🌸 11 🌸

159 23 1
                                    

Mereka duduk berdua saat ini dalam suasana senyap penuh ketenangan. Berjalannya kesepakatan, mendorong Naru dan Hinata selalu berada di tempat dan waktu yang sama. Meski fakta sesungguhnya tidaklah benar-benar sepi, akibat Hinata terus menanyakan hal serupa. "Ini Sakura 'kan?"

"Aku sudah bilang berulang kali, dari kemarin juga. Temanmu tidak secantik dia, Hinata." Tiga jam lebih mereka di sana, di tempat kemarin, di halaman belakang.

"Dia pasti Sakura. Lagi pula buat apa kamu bohong padaku? Terus kenapa kemarin kamu dan rekanmu itu memperebutkan foto Sakura? Apa kalian menyukai Sakura?" Begitu banyak hal yang ingin Nata tahu. Dia mencecar tanpa henti, tapi sikap tertutup Naru membuat dia kesal bukan main.

"Enggak usah kepo urusan orang. Mau jadi wartawan?"

"Aku mendengar perkataannya. Dia mengancammu supaya tidak dekat-dekat dengan Sakura."  lidahnya berdecak selagi kuas tertahan di tangan, belum sempat menggores canvas karena terusik ucapan Hinata.

"Kalau dia memang Sakura, kamu mau apa?!"

"Enggak ada sih. Tapi aku ingin sekali mengajak dia ke sini untuk melihat lukisanmu. Baru matanya saja sudah bagus, ternyata kamu  memang berbakat." Cengar-cengir Hinata memujinya sampai cengengesan, berbeda dengan Naru yang kini ekspresinya justru berubah kesal.

"Susah banget ya berurusan dengan biang masalah. Dengarkan aku! Aku memberitahumu kebenaran ini, bukan berarti kamu boleh seenaknya bercerita kepada orang lain, termasuk teman-temanmu, Sakura sekalipun. Lukisan ini adalah rahasia, karena itu aku melukis di sini. Enggak ada yang boleh tahu. Lihat sekelilingmu, ada apa?"

"Tembok."

"Paham 'kan? Enggak ada seorangpun di sini, selain kita."
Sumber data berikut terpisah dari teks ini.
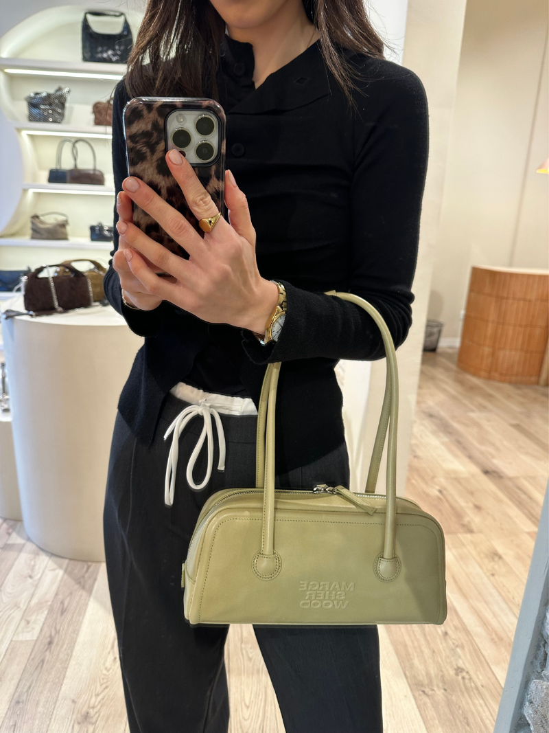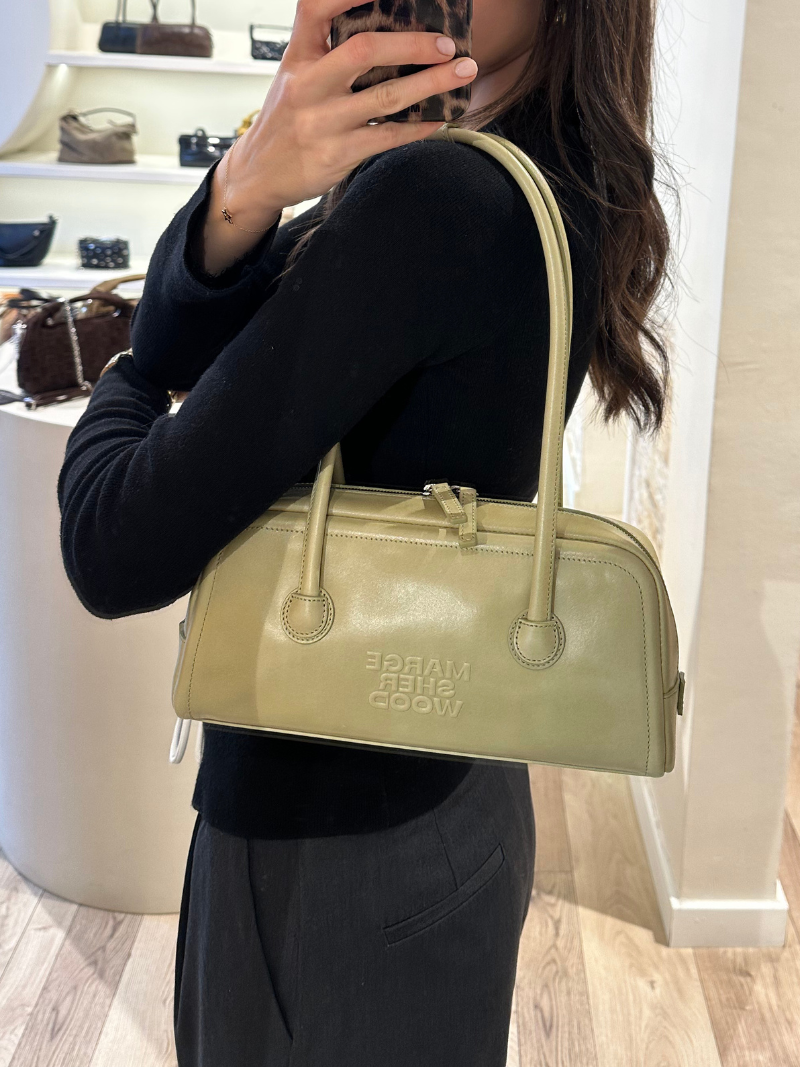 Bolso de hombro de cuero en color verde, con el logotipo de la marca grabado en la parte frontal y diseñado en la clásica forma baguette. El bolso cuenta con un bolsillo interior y un cierre de doble cremallera.

"Tapi lukisan ini milik Sakura."

"Astaga!" gigi-gigi Naru merapat saking gemasnya. "Pokoknya akan ada hukuman berat untukmu jika orang lain tahu soal lukisan ini, terutama Sakura. Aku bakal terus mengawasimu." kepala Hinata tertarik ke belakang tatkala Naru sengaja mengintimidasi dirinya, "Awas, kalau macam-macam!" Ancaman Naru seketika menyebabkan dia tunduk. Kelopak matanya ikut terpejam singkat.

"Sakura pasti senang melihat ini. Jika banyak orang yang tahu, lukisanmu pasti terkenal."

"Sepuluh kali lipat! Itu ganjaran bila kamu buka mulut. Bayar biaya perbaikan kameraku yang rusak sebanyak satu juta yen." Detik itu juga netra Hinata terbelalak, kemudian dia langsung menggeleng-geleng.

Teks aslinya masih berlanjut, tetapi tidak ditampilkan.